Murakami was born in Tokyo, Japan. From a very young age, he was a fan of manga, a Japanese style of art that mirrors cartoon shows and comics in the United States. In 1993, he received his Ph.D from Tokyo University of Arts in Nihonga: the study of traditional art technique.

After he received his degree, Murakami debuted a piece called “Time Bokan,” one of his first works that dealt with nuclear war and its impact on society in World War II.

The “Time Bokan” is a huge image of a cloud-like mushroom depicting a skull. The inspiration for this art piece is a tribute to both Hiroshima and Nagasaki.

In the catalog “The Octopus Eats Its Own Leg,” Murakami describes the aftermath of the bombing and how he started to question society’s responsibility for what happened. These events continued to inspire his work through various stages of his life.
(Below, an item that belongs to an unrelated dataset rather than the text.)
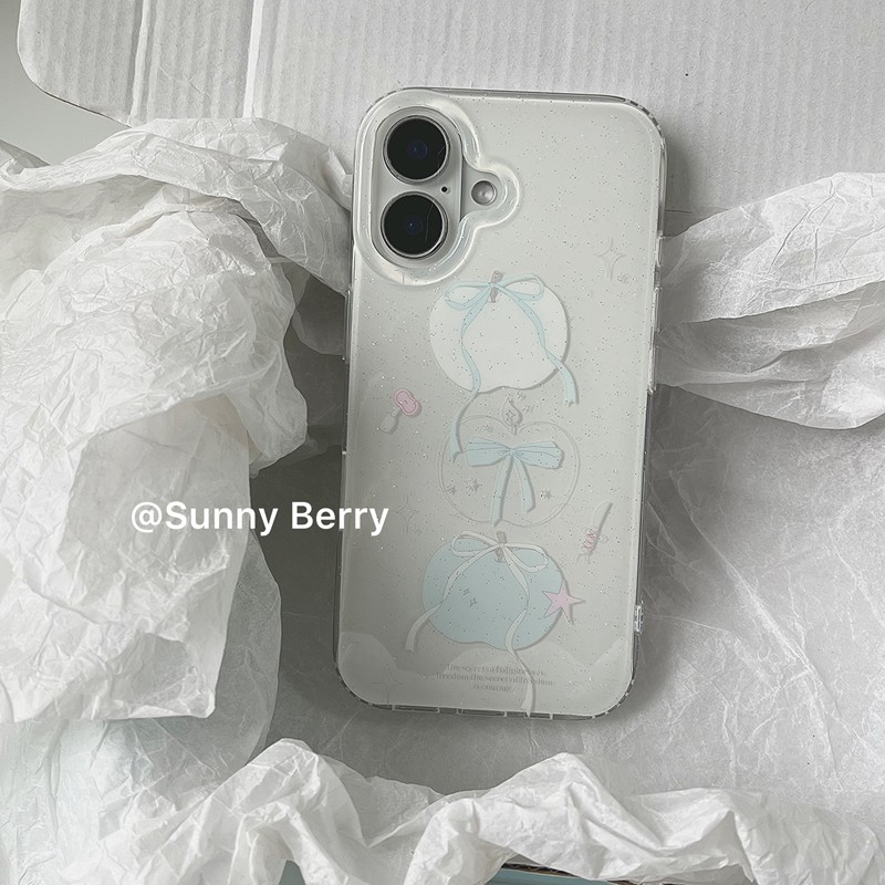 向日的浆果ins韩系小众温柔清甜蓝白苹果蝴蝶结少女可爱适用苹果16pro手机壳iphone15promax/14/13保护套防摔

Murakami’s next wave of art, Mr. DOB, was the creation of an alter ego. Created in the figurative image of Murakami, Mr. DOB is a cross creation between two popular characters in Japan and the centerpiece of Murakami’s new works.

One of these characters was Doraemon, a famous manga character, and the other was Sonic the Hedgehog, a famous video character brought to life by Sega video games. Mr. DOB gave way for Murakami to express himself through this character and one of his first pieces that became recognized internationally.

At the Museum of Contemporary Art, “The Octopuses Eats Its Own Leg” exhibition is being displayed, demonstrating Murakami’s works from the beginning to the current period.

Several visitors have described the exhibit to be “out of this world.”

Museum visitor Camilla Rivera said, “I feel good. I can go outside and eat the world right now just because the images are empowering.”

Another patron, Yumiko Mannarelli, said she “really like(s) the cherry blossoms. In the explanation, he took the styles of Jackson Pollock and used the style to transform a traditional Japanese silk painting, screen painting. I am Japanese and I like that.”

Murakami’s work does give a sense of how the imagination and pain of life can be captured through one’s art.  I would recommend this exhibit because it makes you step outside the boundaries of art and welcomes you into the view of how the artists’ expressions are placed on the canvas.

This exhibit is being held at the Museum of Contemporary Art through September 24.